第3章 譲れないマシュマロ【氷室辰也&紫原 敦】
え、俺がナナちんを好き?
でも俺、今まで好きな子いたことないからわかんねー。
俺は自分の胸に手を当てて考えていると、劉ちんがイライラし始めて口調がちょっと荒くなる。
「…敦、お前は葛城といるとそのゆる顔がいつもより緩んでるし、自然と笑顔になってることが多い。それにお前が葛城以外の女子と話してるのを見た事がないアルよ」
「劉ちん…」
確かに劉ちんの言ってること、的を得てるかもしれない。俺は下を向いて今までナナちんと過ごした日々を思い出す。

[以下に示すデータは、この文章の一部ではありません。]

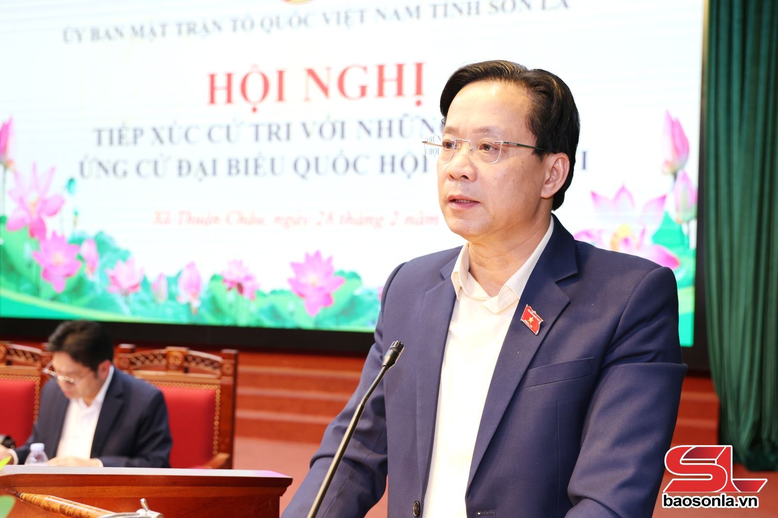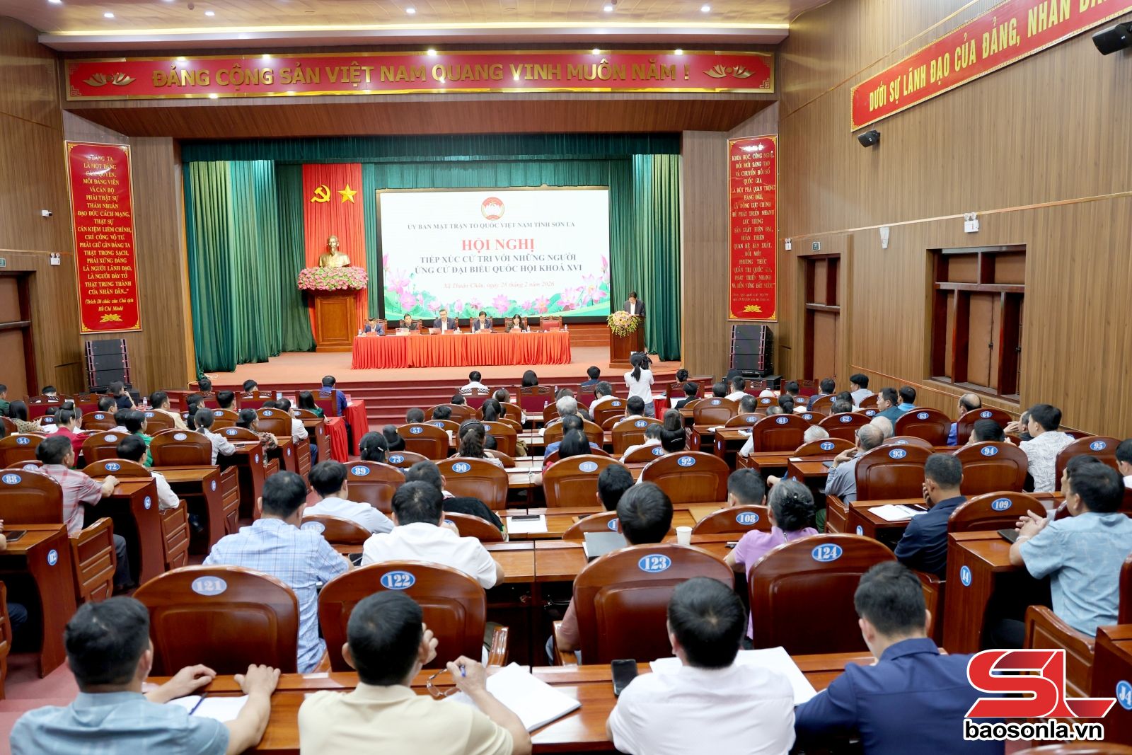 Tại hội nghị, đại diện Ủy ban MTTQ Việt Nam tỉnh đã thông tin tới cử tri danh sách, tiểu sử tóm tắt của 5 người ứng cử đại biểu Quốc hội khóa XVI, gồm các đồng chí: Hoàng Văn Nghiệm, Ủy viên Ban Chấp hành Trung ương Đảng, Bí thư Tỉnh ủy, Trưởng Đoàn đại biểu Quốc hội tỉnh; Quàng Văn Hương, Phó Chủ tịch Hội đồng Dân tộc của Quốc hội; Lò Văn Thọ, Nghệ sĩ ưu tú, Phó Trưởng phòng Nhà hát Ca múa nhạc, Trung tâm Văn hóa - Thể thao, Sở Văn hóa, Thể thao và Du lịch; Thào A Tùng, viên chức, Ủy viên Ban Chấp hành Chi đoàn Trung tâm Văn hóa - Thể thao, Sở Văn hóa, Thể thao và Du lịch; Sa Thị Thanh Duyên, Trưởng phòng Quản lý chất lượng, chế biến, phát triển thị trường, Chi cục Phát triển nông thôn, Sở Nông nghiệp và Môi trường.

いつかの部活帰りに駄菓子屋で出くわして、そっから毎日の様に会って少しずつ喋るようになって…。
まぁ大体お菓子の話題が多かったけど。
ナナちんが俺の好きなまいう棒沢山くれたり、チュッパチョップスを幸せそうに舐めたりしてて。
そん時に見せてくれたナナちんのはちきれんばかりの笑顔が、何だか膨らました風船ガムみたいで可愛いな、って思ったり…。
そしたらいつの間にか俺、ナナちんの隣にいるのが日課になってたんだ。
「…劉ちん、なんか珍しくいい事言ったじゃん。ちょっと行ってくるわ」
「おい!!珍しくとは余計アルよ!!」
劉ちんを後にして俺は海から上がる。
ナナちんが喜ぶかと思って先にイチゴ味のカキ氷を買ってから、うずくまる彼女の隣に座る。
「ナナちーん、一緒にカキ氷食べよーよ」
ナナちんの目の前にカキ氷を差し出すと、彼女は目を見開いて俺を不思議そうに見た。